This blog post follows our regular postings on one the key emerging unregulated contaminants, PFASs. Following New York’s lead, Michigan’s now considering blood tests for the contaminant in individuals located in what’s considered the country’s most serious PFAS contamination zone.
What’s PFAS? A quick recap — per and polyfluoroalkyl substances (PFAS) are a group of human-made toxic chemicals. PFASs were used to make some of the most common consumer products, including Gore-Tex clothing, Teflon cookware, Scotchgard stain-repellant for carpets or furniture fabric, and were also used in firefighting foams. The biggest threat of exposure to PFASs is through our drinking water supply.
Back to Michigan — Michigan’s Kent County is home to several landfills that were used as dump sites for a local tannery. From 1980 to 1986, sludge containing large levels of PFASs were dumped into the landfills. The argument goes, that over the years, the chemical made its way into the county water supply and, not surprisingly, is now showing up in the blood of local residents. As an aside, if tested, almost everyone in the country would have at least some low levels of PFAS in their blood.
Just last month, tests found the highest level of PFASs ever recorded in a private well at a private home. The home was near one of the landfills that contained the dumped waste, and recorded over 800 times the state’s maximum recommended levels for PFOA and PFOS (both subsets of PFASs) in drinking water. Residents with high PFAS levels in drinking water have been provided with whole-house water filtration systems, but it hasn’t been enough to stem the fear of the residents in Kent County.

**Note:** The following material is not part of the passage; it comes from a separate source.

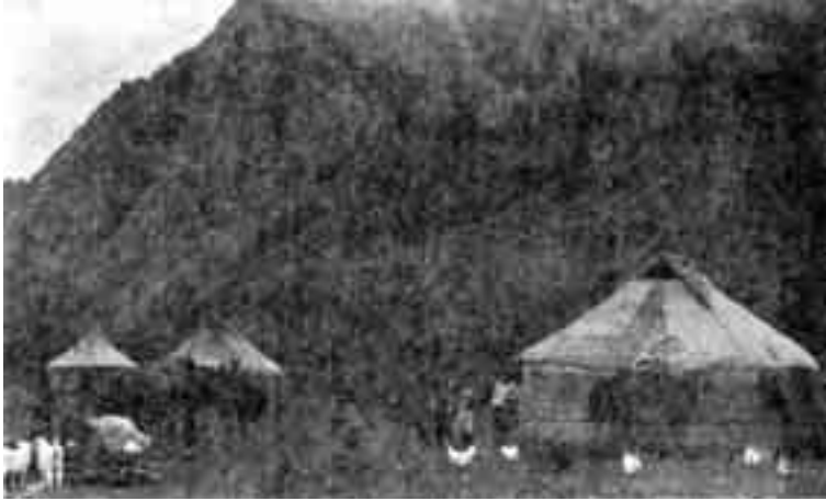
خيام القازاق المسلمين منتشرة في شمال وشرق الصين، ومضاربهم حيث العشب والمراعي.

ولأن مسلمي سينكيانغ الويغوريين شديداً التمسك بتقاليدهم الإسلامية، تماماً مثل مسلمي يوننان الهويين، فقد فشلت عمليات التهجير-برغم حجمها الكبير نسبياً-في أن تحقق هدف خلخلة هذه المجتمعات الإسلامية المتماسكة. حقا لقد أصبح مسلمو يوننان «أقلية» في المقاطعة، بسبب التهجير من ناحية ونتيجة للمذابح وعمليات الإبادة التي جرت من ناحية أخرى، ولكن تدهور أعدادهم لم يؤثر على تمسكهم بالتقاليد الإسلامية الراسخة في أعماقهم.

County officials are continuing to investigate the situation to determine the breadth of the contamination. After record levels of PFASs were found in well water, the county agreed to test the water supplies of homes surrounding the landfills. In the meantime, the county is providing bottled water to all homes, and will provide filtration systems to those homes that are found to have contaminated water.
Kent County, as mentioned, is considering an extensive blood testing program as part of a research study. The testing would not be meant to diagnose or treat residents whose blood is found to have high levels of PFAS. The intention of the blood testing program, like that of New York’s, is to determine how high levels of PFASs in the water have translated to levels of PFASs in the human bloodstream. Blood testing has already uncovered one resident who has five million PPT of combined PFASs in her blood, the most that experts have ever recorded. This particular resident lived across the street from the most heavily used landfill, and has received a water filtration system. She has no plans to move.
PFASs long-term effects on the human population have not yet been subject to widespread study. When completed, the Michigan studies could provide critical information about the exposure level and effects on individuals to PFASs through drinking water.